Borra [Reference Borra1] suggest that asking culture-related questions leads to a culturally sensitive therapy, to more empathy and better understanding of a client with a different cultural background and illustrates this hypothesis with a case report [Reference Tishkoff, Dietzsch, Speed, Pakstis, Kidd and Cheung16].
Finally, two articles focus on therapeutic approaches that match the need for culturally sensitive treatment of migrants and ethnic minorities:
Qureshi et al. [Reference Qureshi, Collazos, Ramos and Casas13] explain that cultural competence represents a comprehensive response to the mental health needs of migrants and ethnic minority patients. The authors underline that awareness of the many ways in which culture can interact with expression and understanding of suffering and mental distress and the relevant diagnostic and treatment adaptations are key aspects of cultural competence.

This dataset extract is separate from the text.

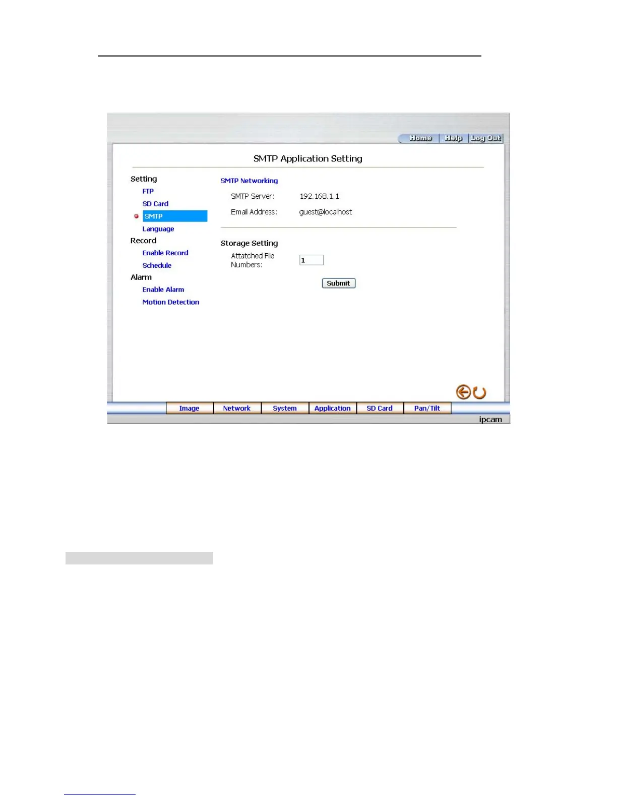 Change the Application Setting —SMTP Application Setting (MJPEG mode only).

Kastrup [Reference Kastrup7] outlines a suggestion for competent treatment of patients with multicultural backgrounds, which requires that mental health professionals are aware of the existence of traditional approaches and exhibit a willingness and an ability to bridge between the more traditional and the Western approaches to treatment.

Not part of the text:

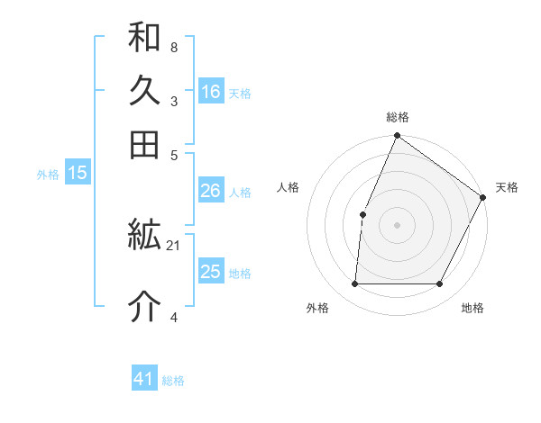和久田 絋介さんの天格は16画の5点!
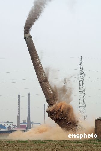 2009年3月20日,河北省沙河市组织实施第七次烟囱集中爆破。当日,位于沙河市区北端107国道两侧的云达、洪恩、普光等15家玻璃厂的15根烟囱被爆破拆除。截止目前,沙河市共集中爆破拆除烟囱148根。中新社发 克家 摄

Altogether, the studies presented in this supplement illustrate the increasing importance of research on the mental health of migrants and ethic minorities. They show that some progress has been made and that at least for inpatient treatment, access barriers may have been reduced. However, they also show that problems of communication and outpatient care remain and that the fight against discrimination remains an important topic for current mental health workers and policy makers in Europe.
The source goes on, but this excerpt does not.